Tag Archives: Speech

Hey, Cortana – How can I integrate my app into you?

At the recent IFA 2014 show in Berlin, Microsoft announced some great new phones, the budget Lumia 730 and 735 and the ‘affordable premium’ phone the Lumia 830. Exciting new hardware – but the standout new feature for many was the announcement of ‘Hey, Cortana’, a new accessibility feature for the popular voice-controlled assistant which allows you to launch the app just by saying ‘Hey, Cortana’ at any time, avoiding the need to press the search button or the Live Tile as you do currently. This feature will be available on the high-end devices with the Snapdragon 800 processor, such as the Lumia 930, 1520 and Icon, and will be shipped as part of the Lumia ‘Denim’ firmware update coming to phones in Q4 2014. Cortana has been getting many plaudits – rightly so – and is currently available in the US, on beta in the UK and China, and will soon be rolling out as a beta soon to Australia, India and Canada, with more countries next year.

clip_image002

Speech control is part of the next wave of improvements of how we interact with our devices, part of a loose grouping of technologies often called NUI (Natural User Interface), meaning human to device interface methods that are effectively invisible, i.e. ‘natural’, as distinct from artificial ways of interacting with a device such as pressing a button which have to be learnt.

So having Cortana capable of passive listening so you can just talk to it whenever the fancy takes you and wake it up is another small step towards making speech interaction with our devices easier and more natural. It removes one more piece of friction – the need to tap on a button or tile to start the voice interaction – that could prevent users choosing voice as their favoured means of interaction with their devices rather than one only used by enthusiasts.

Integrating Apps into Cortana

So that’s great, now we can say ‘Hey, Cortana’ to invoke the built-in digital assistant features of Cortana and get it to tell us upcoming events in our calendar, set new reminders, do searches etc. But what if you want to allow users to interact with your app in a similar way, use Cortana as a conduit for speech interaction with your app?

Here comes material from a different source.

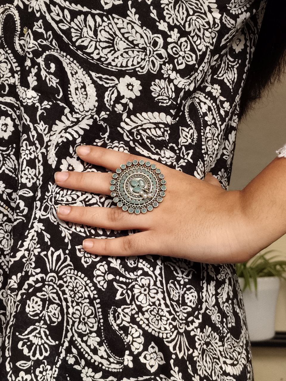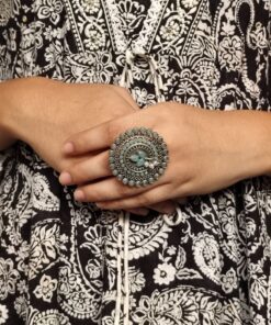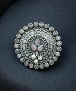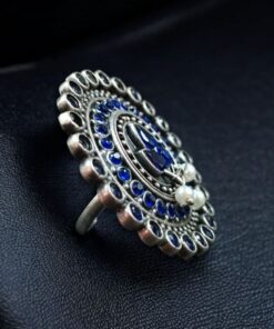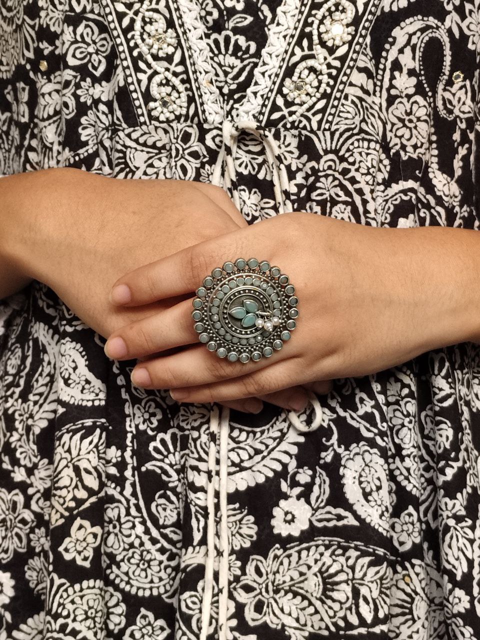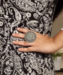 The oxidized silver finish gives this ring a unique classic appeal, making it suitable for pairing with sarees, suits, lehengas, kurtis, or even Indo-Western outfits. Whether you’re getting ready for a wedding function, festive gathering, college event, office day, or simply daily wear, this Adjustable Ring effortlessly adds grace to your appearance. The elegant stone center is complemented by soft pearl accents, making the ring look exquisite and eye-catching without being overly heavy or flashy.

Say something like: “Hey Cortana” to invoke Cortana, and then say “MSDN find ‘Windows Phone Voice Commands’” to invoke the MSDN Voice Search app.

Well, that’s not too hard! In fact, we’ve had the technology even in Windows Phone 8.0, before Cortana was a twinkle in Halo’s eye. Back in the Windows Phone 8.0 Jump Start videos, we recorded one session all about voice commands (http://channel9.msdn.com/Series/Building-Apps-for-Windows-Phone-8-Jump-Start/Building-Apps-for-Windows-Phone-8-Jump-Start-13-Speech-Input-in-Windows-Phone-8 ) which explained how to create a Voice Command definition file to allow you to launch apps with speech. It’s that same technology that is used to launch apps through speech from Cortana.

Although it was quite easy to implement, not that many developers added voice command activation to their 8.0 apps and very few users turned to voice as their favoured method of launching their favourite app. Why not? Discoverability! To activate voice recognition on a Windows Phone 8.0 device, you had to press and hold the Windows button. Most users only ever discovered this by accident, if at all! So as a consequence, it never gained wide usage.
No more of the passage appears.